The department’s strategy, outlined in a memo obtained by Bloomberg News, would use authority granted under a pair of federal laws to establish a “strategic electric generation reserve” and compel grid operators to buy electricity from at-risk plants. The steps are necessary, the memo says, to protect national security. [Emphasis added.]


Bernie would be proud.

Bloomberg notes that Trump’s proposal to use national security powers to override market decisions in the energy sector, comes as the administration uses similar arguments “to justify market interventions aimed at protecting other treasured political constituencies—steelworkers and automakers—at the expense of U.S. allies.”
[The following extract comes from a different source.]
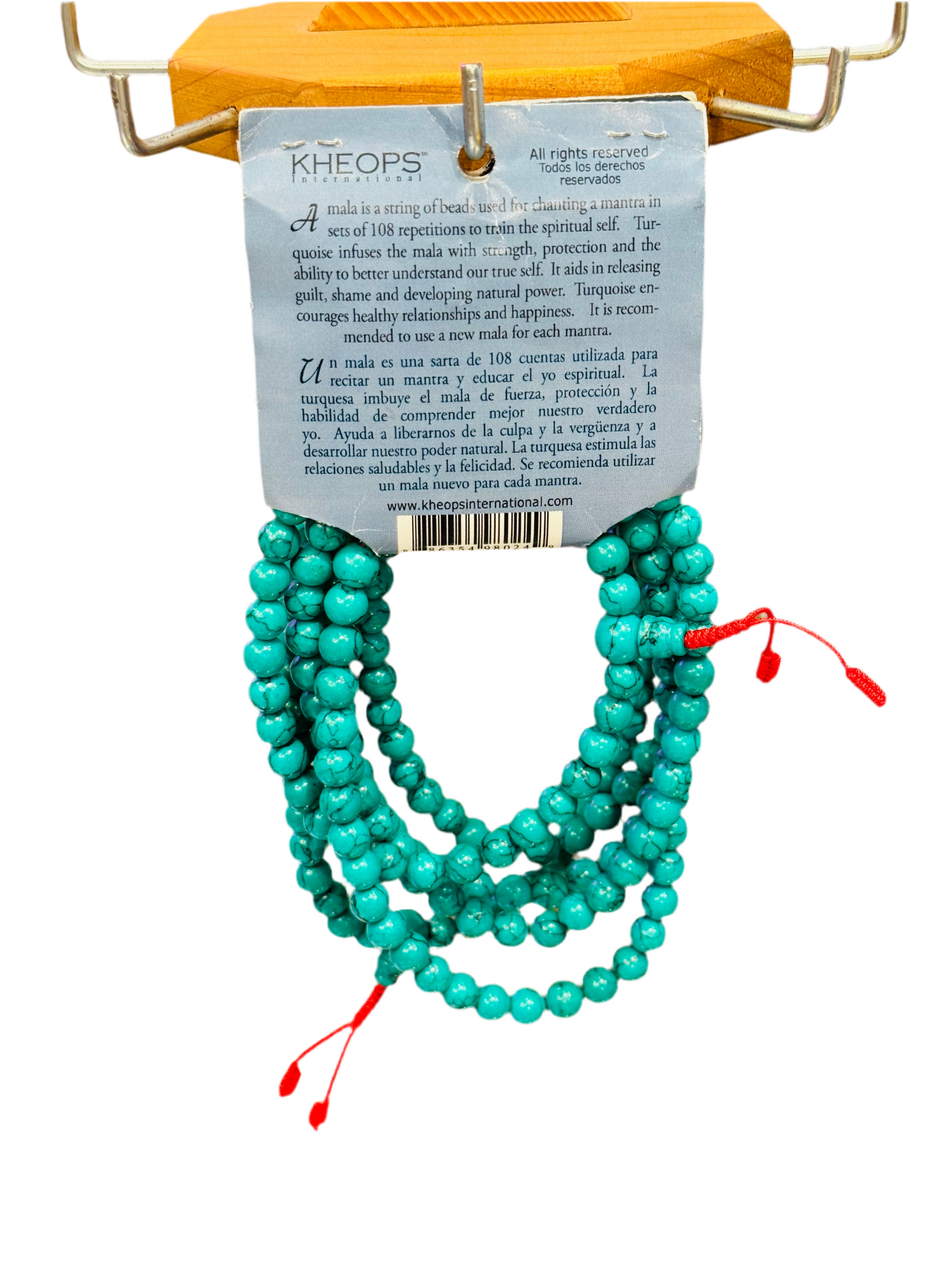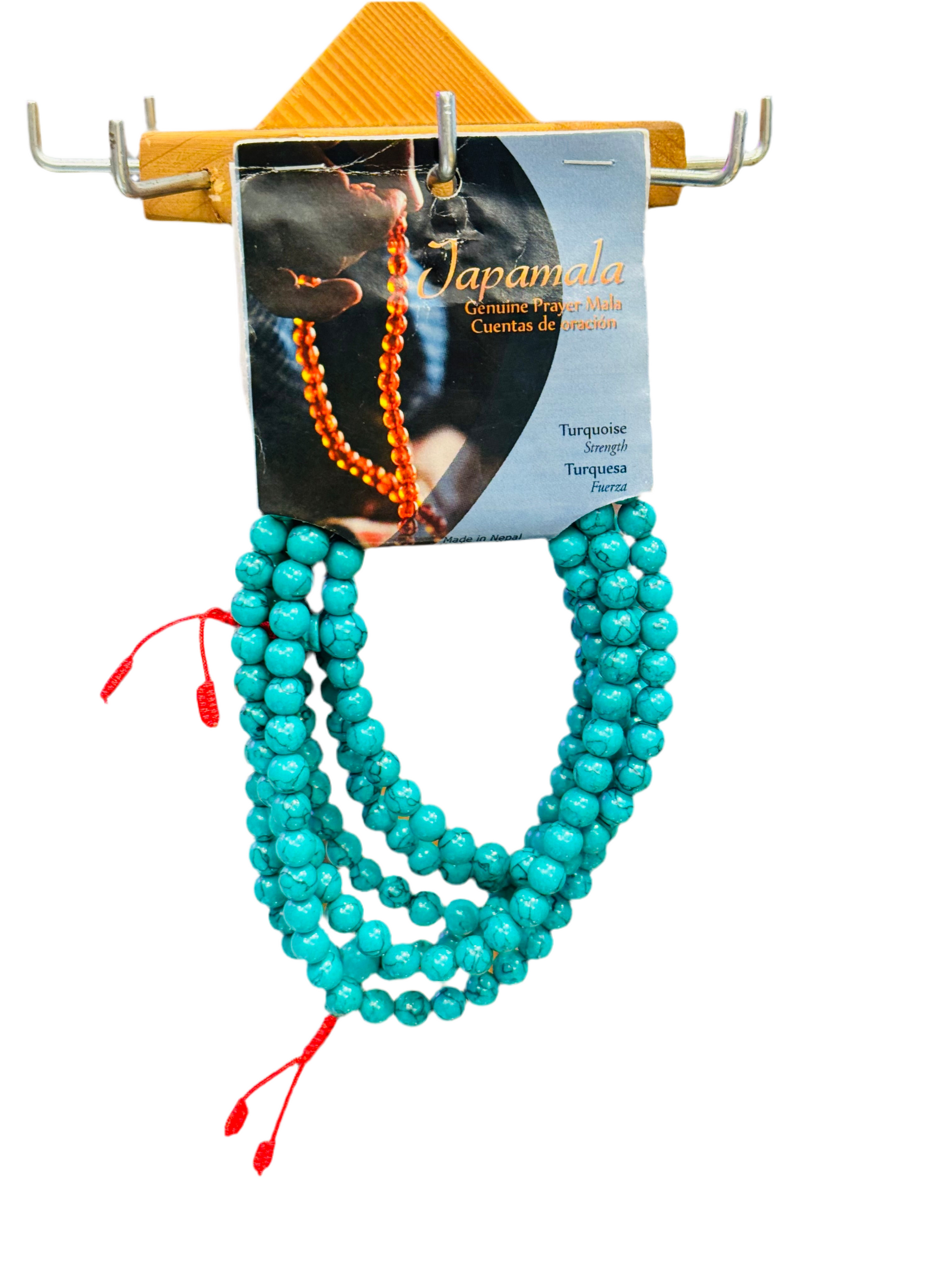 Turquoise Mala Beads is a string of beads used for chanting a mantra in sets of 108 repetitions to train one's spiritual self. Turquoise Mala Beads is the most ancient form of a rosary, used to count the repetitions of a mantra and a prayer. Turquoise Mala Beads is recommended to use for mantra. When the Turquoise Mala Beads empowered with the mantra's energy, it can be worn.

John Shelk, who runs the Electric Power Supply Association noted the irony: “National security is being invoked by people who once favored markets.”

As both Bannon knows, many former free-market conservatives are likely to fall in line with such Bernie-esque policies, given what Axios’s Jim VandeHei aptly calls Trump’s “mind control super powers.”

In our lifetime, no president has matched Donald Trump’s ability to summon the power of pulpit + friendly media + the tweet-by-tweet power of repetition and persuasion to move minds en masse …
You see this in the silence of Republican critics; the instant shifts in GOP views of the FBI, Putin and deficits; and the quick, widespread adoption of his branding efforts around “deep state,” “Spygate” and “no collusion.”


This also seems to be true on issues involving free markets, state intervention, and his attacks on private industry. Case in point, Trump’s attempt to use government power to punish Amazon.

He threatened the company behind the scenes, then publicly, while privately pushing U.S. Postmaster General Megan Brennan to double Amazon’s package rates.
This was quickly forgotten even though it’s highly abnormal for presidents to use their voice and power to pick on one specific public company using misleading data points.


Of course, this all has less to do with Trump’s super powers than it does with the fecklessness and malleability of a movement that once knew what it stood for.